ExCeL has raised enough capital to make early interest payments but for the rest of the period of the loan interest payments are fixed and the amortization period is long. More importantly there are some holidays during the construction phase. Delay penalties of £1.75 million per month are available to cover debt service, alongside the existing capital set aside. The project also benefits from a cash sweep in the operational phase of the project up to a maximum of 0.5 x total debt service to guarantee Class-A repayments after the maturity date.

Analysing the future prospects of the exhibitions industry in the UK was a difficult one for the raters and advisers, since sponsors' expectations of demand could not be taken at face value. Deloitte & Touche carried out a study of the exhibition industry, although it was guarded in its prognosis.
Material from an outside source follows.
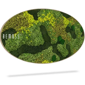 Moosbild Ellipse BEMOSS® ORTHO MEDIUM verzaubert mit seinem natürlichen Design und sanften Farbverläufen des stabilisierten Mooses. Durch die abgestimmten Grüntöne mit Akzenten in Hellgrün und Limettengrün erinnert dieses Bild an einen ruhigen Wald. Die Moostruktur, die sanfte Texturen mit reichen Hügeln kombiniert, erzeugt einen dynamischen und fesselnden Effekt, der in jedes Interieur passt.

Even the committed Reed and Miller Freeman required adequate ancillary facilities to be in place.

The venture is not a pure property deal; indeed Shearer calls it a "real hybrid, a partially asset-backed start-up business". And exhibitions, whatever their potential, do not have the cachet in the current climate to raise funds as a new listing, even if a market such as London's Alternative Investment Market could absorb this level of capital requirement. Jeremy Church, from Duff & Phelps, likes to see the deal as a form of securitization, insofar as the structure of the transaction cashflows are made more predictable.

Which is not to say that ExCeL is failing to aggressively market itself as a 21st century site, calling itself a smart and web-friendly venue. It hopes to pick up not only the rise in demand from organisations within the UK, but also some of the contracts from its future rivals, London's Earls Court and Birmingham's NEC. Eventually, it believes it can set its sights on the large pan-European events currently held on the continent.
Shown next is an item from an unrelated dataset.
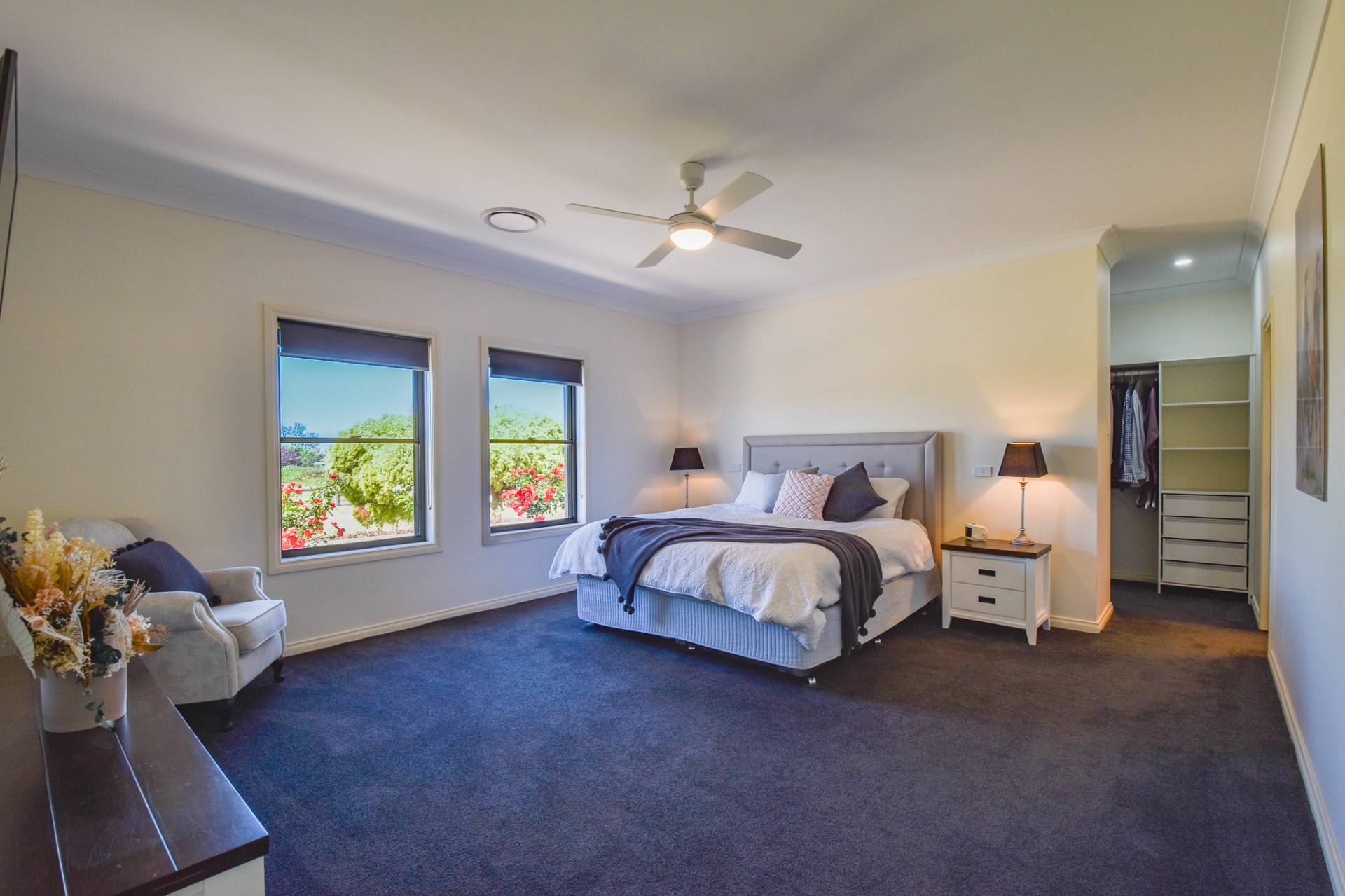 Sustainable living is catered for with a 32-panel (10kw*) solar system, large rainwater tank supplying the home, and mains water also connected.

Project managers are now looking to open the venue for business this November, aware that the dearth of suitable space has been apparent for more than seven years. ExCeL's main collaborators are the Association of Exhibition Organisers and Newham education business partnership - and, although astonished by the terms they managed to get, say that governmental partners have been supportive.

ExCeL has also entered a contract for power, heating and cooling supply with Scottish and Southern Power for a term of 15 years, which will necessitate construction of an inside-the-fence facility. The proceeds from the additional services provided by ExCeL above site rent will contribute up to 35% of its income.

The future of the centre will govern the future financing requirements of the operators. There has been provision made in the original documentation for the option to bolt on a further issue should it be feasible to extend the venue. ExCeL's current site, on the edge of the old Victoria Docks, can be extended along the waterfront and could eventually double in size.

It's not yet certain how the financing will go ahead although, given the success of the first issue and the willingness of the institutions to take on the notes, another issue at least as big again cannot be ruled out. Shearer anticipates that this process may come about 15 months after the start of operations.

It is possible ExCeL can provide a useful template for deals, although its portability as a structure is open to question. Shearer says that only one of these deals comes about in the average lifetime and given the peculiar circumstances of the domestic exhibitions industry it's tempting to agree with him. He does add, however, that he has been approached by banks looking to adapt the approach to other areas.

Docklands certainly has a surfeit of projects with chequered construction history, from the Jubilee Line, to the Dome across the river (which had to be methodically discounted as a serious future competitor). One project, suggests Church, that may use the financing structure would be another semi-public facility such as a national stadium. For one the controversial Wembley Stadium development may benefit from this cast-iron structure.